About the Author (from Amazon)

Ever since I was little, I've enjoyed anything to do with reading or writing. Any book I could get my hands on I devoured. Writing proved to be a wonderful way to temporarily get out of doing my math. I didn't write very much until my Mom bought me the One Year Adventure Novel ( curriculum in the fall of 2009. This curriculum taught me how to come up with a compelling plot and characters. Through this curriculum, I've written two books, one of them in the process of being written and the other, Moonbeam. 
I have wonderful parents and four awesome younger siblings. When I'm not writing, I enjoy riding my horse, playing piano, ballet, reading and listening to music. I've been homeschooled since preschool and love the flexibility it gives me to be able to write more. 

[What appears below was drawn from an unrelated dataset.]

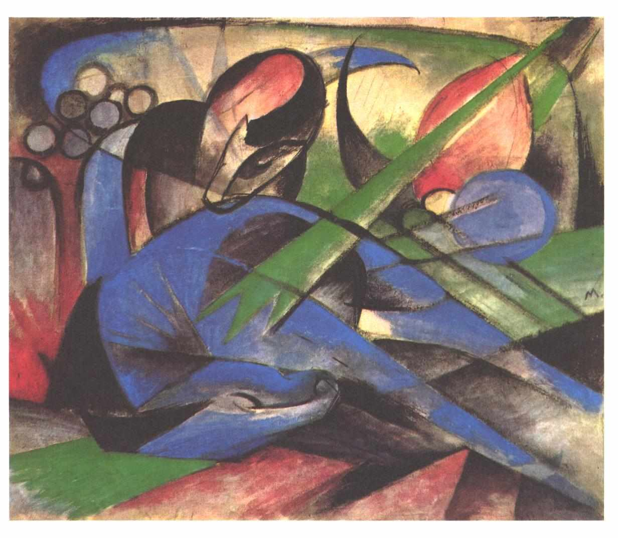 Dreaming horse

O.Scarlett! REVIEW by Kendra

This is a book which I wish I could have liked more than I did. I first heard of it through an interview she had with Landry's Academy, and it sparked my interest. Unfortunately, I failed to bookmark the book, and while I remembered the title and the author's first name, I forgot her last name … and searching “Moonbeam” and “Katie” didn't come up with anything.

And then I was reading through the backposts on the Homeschooled Authors blog – and there she was. I didn't have the money to buy the book at the time, but as soon as I did, I snatched up a kindle copy. I read it in a day.

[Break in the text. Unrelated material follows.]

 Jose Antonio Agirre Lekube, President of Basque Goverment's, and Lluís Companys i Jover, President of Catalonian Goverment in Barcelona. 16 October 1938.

As I stated before, I wish I could have liked it more than I did. It's not that it was a bad book – it was delightfully unique, and for the most part the horses acted like horses (one of my pet peeves in animal books is when you could say that they're human and not change a word in the book – I've read such books before). Also it's a Christian allegory, one of my two favorite flavors of Fantasy.

Yet for all of its charm, it fell flat for me. I knew when I picked it up that the author was only sixteen – it was one of the reasons I wanted to read it – but it showed. There was a lack of maturity to the writing (especially the conversations, which is a biggie with me) and many of the characters. There was nothing to set it apart from other allegories (other than the fact that it was about horses, rather than regular people), indeed, I found it rather predicable, having already read many books in the genre.

The story begins shortly after Moonbeam, the titular character, finds that Abbadon, the leader of the bay horses, has killed her mother. There are two colors of horses in this world. White horses follow Stardust, the Jesus figure of the book, and bay horses are those who are in rebellion against Stardust.

While she is still trying to come to grips with her mothers death, a new horse shows up, Daryn, a messenger of Stardust to tell her that a great war was being set in motion and to ask her and Comet, the stallion of their herd, to join them. Since her mother was the leader of the herd, Moonbeam is to follow in her footsteps … of course going to help means that she has to find a substitute for a while, but her friend, Ellipse, is perfect for the job.

Then they go with Daryn, train for the battle, meet new friends (the stallions and lead mares of other herds), and have the battle.

After that, I found it rather predictable, since I already knew that it was an allegory.

I really, really wanted to love this book. I enjoyed it, definitely, and the author shows lots of promise, so I will continue to read her books (I follow her blog, and while she hasn't published anything else, some of the books she's working on sound very interesting), but this one fell flat.

Note: This would be a good story for younger girls, maybe eight to twelve, who love horses, but don't mind it if it gets a bit scary.

Genre/Theme: Fantasy, Christian, Animals

Reading Level: CHILD - children's literature 
Profanity: NONE - no offensive language 
Sexuality: NONE - not even hinted at 
Other: Fighting between horses, some death, but not much is described.